Eski Türkiye, yeni Türkiye karşıtlığı -artık pek kullanmasa da-
bir dönem dilinden düşmezdi Erdoğan’ın. Bundan böyle muhalefetin de
eski AKP yeni AKP tanımını kullanması şaşırtıcı olmaz. Gerçi Berat
Albayrak’ın istifasına ekonomi yönetimi açısından, haddinden fazla
önem atfetmek olur ama neyse ki Millet İttifakı partileri, kendi
gölgelerinden korktukları için gündemi derinleştirmeyi bile
başaramıyorlar. Muhalefetin siyasi basiret sorunu nedeniyle Ak
Parti içindeki kaynama gündemde geniş yankı uyandıramazken iktidar
medyası Muharrem İnce’yi, Muzaffer Özdağ’ı her vesileyle ekranlara
taşıyor. Hazine ve Maliye Bakanlığı'nın, bakansız kalıp kalmadığı
bile muallakta tutulurken böylesi bir iktidar krizi yerine
iktidarın medyası, CHP ve İyi Parti'nin iç sorunlarını gündemin
başköşesine oturtuyor rahatlıkla. İktidar bloku, bu iki partiyi ve
HDP’yi hep aynı kefeye koyduğu halde onların muhalefet bloku olarak
görünmekten kaçınması, Plan Bütçe Komisyonu'nda gerçekleşen bütçe
sunumlarına da yansıdı.
Cumhurbaşkanı Yardımcısı Fuat Oktay’ın bütçe sunumu sırasında,
İstanbul Sözleşmesi gündeme taşınabilirdi. EŞİK- Eşitlik için Kadın
Platformu olarak Sözleşme’ye taraftar tüm milletvekillerinin,
İstanbul Sözleşmesi yazılı maskeler takmasını talep etmiştik.

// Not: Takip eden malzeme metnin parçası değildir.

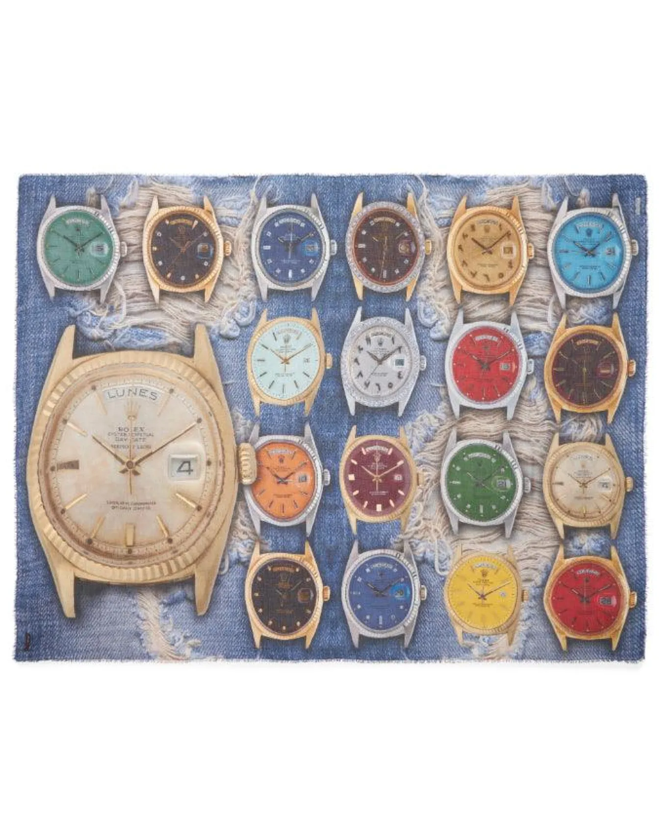 Colorful collection of watches scarf, 140 cm x 175 cm
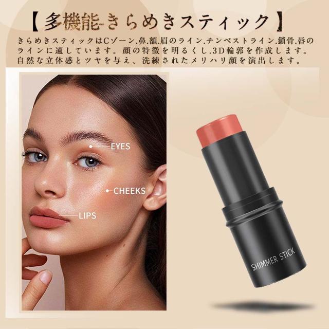 ●きらめきスティックは光が自然に当たる顔の高い部分、頬骨、眉の骨の下、鼻筋、上唇に適しています。顔の特徴を明るくし、3D輪郭を作成します。自然な立体感とツヤを与え、 洗練されたメリハリ顔を演出します。
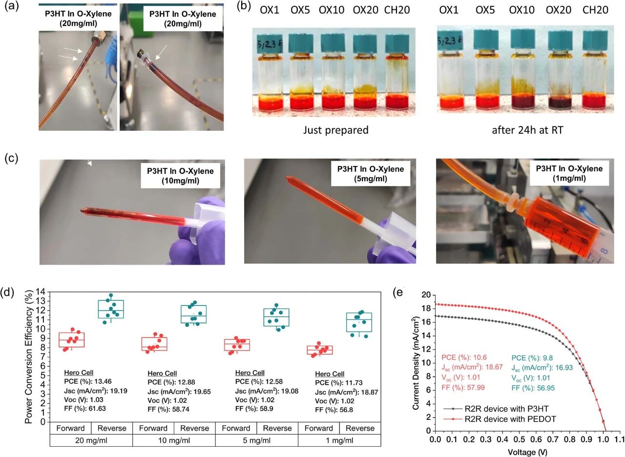 為了解決這一問(wèn)題,在鄰二甲苯中加入較低濃度(從20 mg ml - 1降至1 mg ml – 1)的P3HT進(jìn)行實(shí)驗(yàn)。圖7b比較了鄰二甲苯和氯苯中不同濃度(20、15、10、5和1 mg ml−1)的P3HT溶液的耐久性。觀察在室溫下保存24小時(shí)的小瓶的照片,發(fā)現(xiàn)在鄰二甲苯中的P3HT濃度低于10 mg ml−1時(shí)沒(méi)有凝膠化的跡象。圖7c進(jìn)一步支持了P3HT在濃度低于10 mg ml−1的o -二甲苯中溶解時(shí)不會(huì)沿著管壁聚集的觀點(diǎn)。圖7d顯示了不同濃度P3HT的自旋涂布器件的結(jié)果,通過(guò)將濃度從20 mg ml - 1降低到1 mg ml – 1,由于其較低的厚度使功率轉(zhuǎn)換效率略有下降。
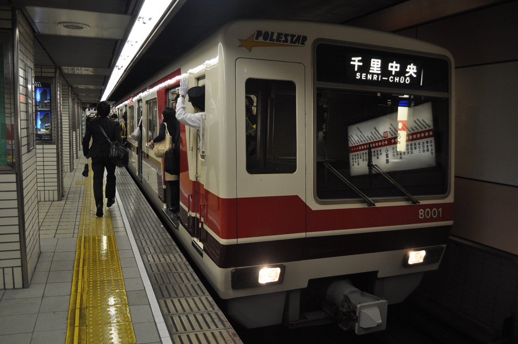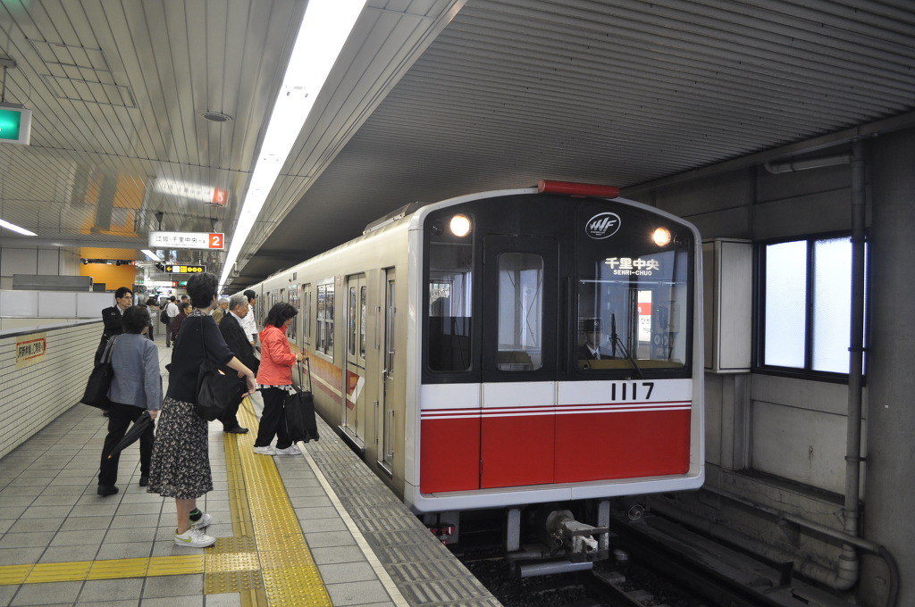 [(사진-35) 한큐 아와지역에서 편성 작전을 마저 하고, 오사카 지하철 텐카챠야행 사카이스지선 차량을 타고 내려갑니다. 이 지하철 노선으로 한큐 차량들도 직통 운행을 하고 있었습니다]

Birçok açıdan kritik öneme sahipti böyle bir eylemde tüm vekillerin
ortaklaşması. Öncelikle Fuat Oktay’ın İstanbul Sözleşmesi’ne
yönelik birtakım hazırlıkları koordine eden kişi olması bakımından
önemliydi. Ayrıca EŞİK Platformun konuya ilişkin görüşlerini
iletmek için gerçekleştirdiği randevu talebine duyarsız, sessiz
kalan Fuat Oktay protesto edilerek parlamenterler, sivil toplumun
iktidarca işitilmeyen sözünü duyurmuş olacaktı.
Ve tabii belki bir kerecik olsun gündemi belirleyen iktidar
değil de muhalefet kanadı olacaktı. Önce söz verip sonra türlü
bahanelerle karar sorumluluğunu birbirlerine atarak iktidarın
yönlendirdiği gündemin peşinde savrulmayı seçtiler. Tam da bütçe
sunumu günlerinde iktidar medyası HDP’yi PKK terörüyle
özdeşleştirecek baskınlar yapıyordu, il başkanlıkları binalarına.
Aynı haber bültenlerinde İyi Parti, Muzaffer Özdağ’ın, Buğra
Kavuncu hakkındaki iddiaları nedeniyle FETÖ ithamıyla anılıyordu.
Ve CHP de yeni parti oluşumları ihtimali medya diliyle abartılarak,
iktidarca köşeye sıkıştırılmaktaydı. Kedi bile köşeye sıkıştığında
kaplan kesilir ama bizim muhalefet, blok olarak görünmekten
korkmaya devam etti.
Diğer yandan biliyoruz tabii ki ‘Millet İttifakı zarar görür’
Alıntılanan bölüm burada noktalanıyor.